The deals to come could be large. Moody’s thinks there is potential for acquisitions representing 10% or more of the acquirer’s market cap. That could come in one single deal or multiple over a short time frame.

Merck, even after the Prometheus buy, is looking to expand revenues beyond the blockbuster immunotherapy Keytruda.

“Although Merck’s tone appears to have recently shifted towards smaller-to-medium sized deals, we believe the company would opportunistically pursue a larger deal,” Moody’s wrote.

In January 2023 U.S. Senator Elizabeth Warren sent a letter to officials at the Federal Trade Commission (FTC) urging the agency to closely scrutinize two pending big pharmaceutical mergers: Amgen and Horizon Therapeutics, and Indivior and Opiant.

In the letter, the Senator expresses concern over the rampant consolidation in the pharmaceutical industry and its impact on drug affordability and access in the United States.

Her letter noted that in “recent decades, there has been extensive consolidation in the pharmaceutical industry, with the 60 most dominant pharmaceutical companies consolidating to a mere 10 firms between 1995 and 2015, leading to higher prices for American patients and decreased innovation.
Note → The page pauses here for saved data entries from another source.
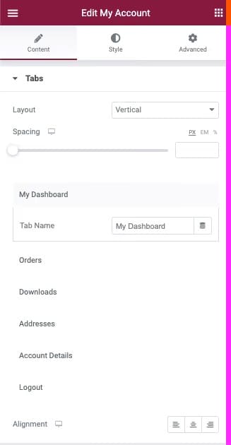 Personalizați pagina contului WooCommerce cu Widge-tul WooCommerce My Account Widget. Schimbați aspectul, numele filelor, alinierea filelor, precum și culorile și fonturile. Când publicați, vi se va solicita să atribuiți automat această pagină ca pagina implicită Contul meu în setările WooCommerce.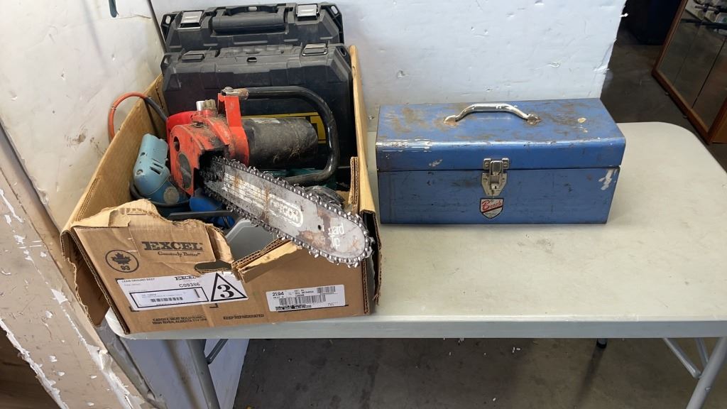 BOX AND TOOLBOX OF POWER TOOLS, CORDLESS BATTERIES CHARGERS AND MORE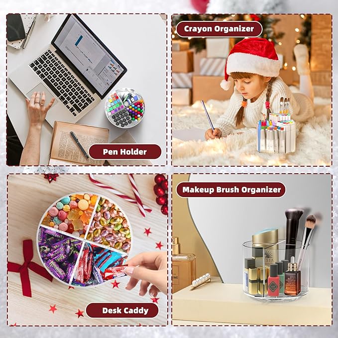 • Multipurpose Acrylic Desk Organizer - Our pen organizer is not only perfect for storing your desktop stationery such as pens, pencils, crayon, markers, highlighters, rulers,erasers, scissors, letter openers, and many other desk widgets. Beyond pens and pencils, this holder is versatile enough to store a variety of items, including makeup brushes, crafting tools, office supplies, and more. Its multi-functional design makes it a valuable addition to any home, office, or studio.

These corporate deals are bad for patients: prices for drugs sold by acquired companies increase at a faster rate than those sold by their non-acquired counterparts.”

A 69 page research study, – Mergers, Product Prices, and Innovation: Evidence from the Pharmaceutical Industry – which was last revised in February 2023, the authors from the University of Arizona and Stevens Institute of Technology examine changes in product prices and innovation around consolidation in the pharmaceutical industry.

They concluded that “pharmaceutical mergers are generally accompanied by increases in product prices particularly within uncompetitive product markets that experience further consolidation as a result of the merger.”

When they also examined innovation around mergers, they found that “any innovative activity is limited to labeling and manufacturing process changes, not new drug creation.

They went to to say that thee “findings are inconsistent with synergistic gains being passed along to consumers through lower prices or better products.” And that their study “has implications for policymakers, who often claim ensuring affordable access to medication for constituents is a top priority.”

They claim that “one contributor to rising drug prices is recent consolidation in the pharmaceutical industry. Understanding the nature of competitive forces in this industry provides insights into how to better regulate this important industry and contain drug prices.”